Hartshorne gives a correspondence between Cartier divisors of X and Weil Divisors of X, when X is integral separated locally factorial noetherian scheme.
I understand given a Cartier Divisor how to define a Weil Divisor.
But I don't understand the the other way correspondence.
I have seen a proof of how a Weil Divisor D induces a Weil Divisor $D_x$ om the local scheme Spec$\mathcal O_x$ in Restricting a Weil divisor to a local scheme. And $D_x$ is a principal divisor. But I don't understand after that.
Can someone please help
Thanks in advance.
Best Answer
Let's understand the subsequent arguments of the proof in steps.

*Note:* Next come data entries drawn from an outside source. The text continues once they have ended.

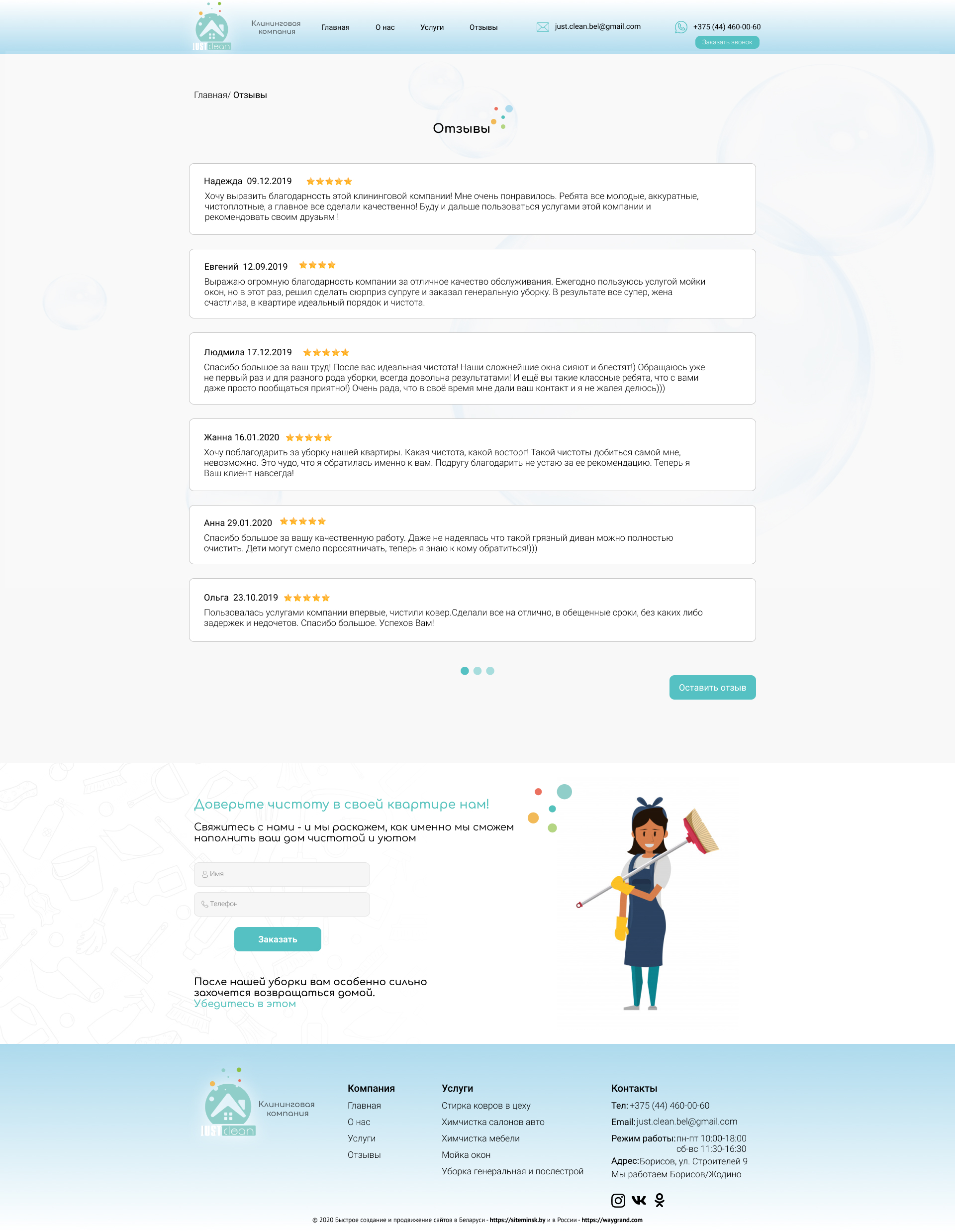 Обратился в данную компанию за разработкой сайта для моей организации. Мы занимаемся оказанием клининговых услуг. Сайт оказался легким, информативным, лаконичным. Легок в управлении. Остался всем доволен. Выражаю огромную благодарность в помощи создания сайта.
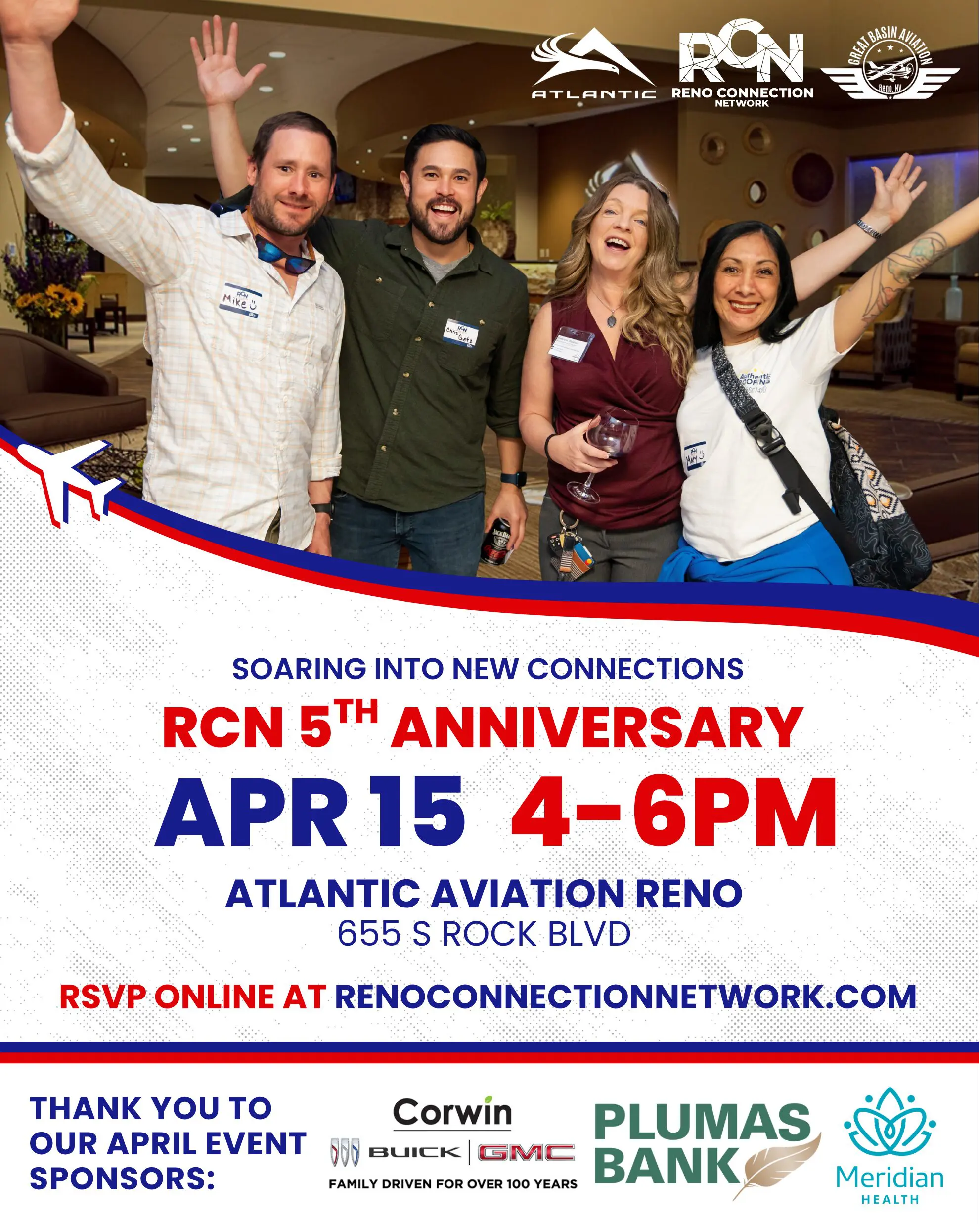 Let’s celebrate five incredible years of connections, conversations, and community with the Reno Connection Network this April! Join us at Atlantic Aviation Reno, located at 655 S Rock Blvd, for a special 5th Anniversary event bringing together professionals from across Northern Nevada for an evening of energy, engagement, and meaningful connection. Whether you’ve been part of the journey since the beginning or are joining us for the first time, this milestone celebration is your chance to be part of something truly special.
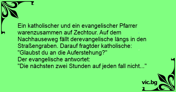 Ein katholischer und ein evangelischer Pfarrer warenzusammen auf Zechtour. Auf dem Nachhauseweg fällt derevangelische längs in den Straßengraben. Darauf fragtder katholische:

I will use the notation in your link's answer (, in which $T_x = \mathrm{Spec}\mathcal{O}_x$, and $X^{(1)}$ is the set of 1-codimensional points of $X$).
Recall that $D_x=\sum_{y\in X^{(1)}\cap T_x}n_y\cdot(\overline{\{y\}} \cap T_x)$, and that as a principal divisor in the $X$, $(f_x)=\sum_{y\in X^{(1)}}v_y(f_x)\cdot \overline{\{y\}}$, where $v_y$ is the valuation on the prime divisor $\overline{\{y\}}$. Then note that the valuation of $\overline{\{y\}}$ is just the valuation of $\overline{\{y\}}\cap T_x$, since they have the same local rings on $y$. Thus the restrictions of $D_x$ and $(f_x)$ are both equal to $\sum_{y\in X^{(1)}\cap T_x}v_y(f_x)\cdot(\overline{\{y\}}\cap T_x)$, and globally they differ just at those points not in the $T_x$. But it's clear that a prime divisor doesn't pass through $x$, if and only if its generic point is not in the $T_x$.
That's really clear because $T_x$ is just the intersection of all open neighbourhoods of $x$, and replacing $T_x$ by a neighbourhood $U_x$ won't change the coefficients in both divisors.
The second sentence needs to be verified. $(f)=(f')$ implies that $(f/f')=0$, whence in each $y\in X^{(1)}$, $f/f'$ is a unit of $\mathcal{O}_y$. For every affine open subset of $X$, say $\mathrm{Spec}A$, I claim that $f/f'$ is a global section on it, i.e. $f/f'\in A$. Indeed, each prime ideal $\mathfrak{p}$ of $A$, of height $1$, corresponds to a point of codimension $1$ in $X$, and thus $f/f'\in A_\mathfrak{p}$. Since $A$ is a normal noetherian domain, by commutative-algebra theories, we have $$A=\bigcap_{\mathrm{ht}\mathfrak{p}=1}A_\mathfrak{p}.$$ Therefore $f/f'\in A$. Then given an affine open covering $\{U_i\}$ of $U$, $(f/f')|_{U_i}\in\Gamma(U_i,\mathcal{O})$, so one can glue them into a section in $\Gamma(U,\mathcal{O})$. Actually this section is just $f/f'$ because they must be the same in $\mathscr{K}$. Thus $f/f'\in\Gamma(U,\mathcal{O})$. Similarly, $f'/f$ is also in the $\Gamma(U,\mathcal{O})$. So we have $f/f'\in\Gamma(U,\mathcal{O}^*)$.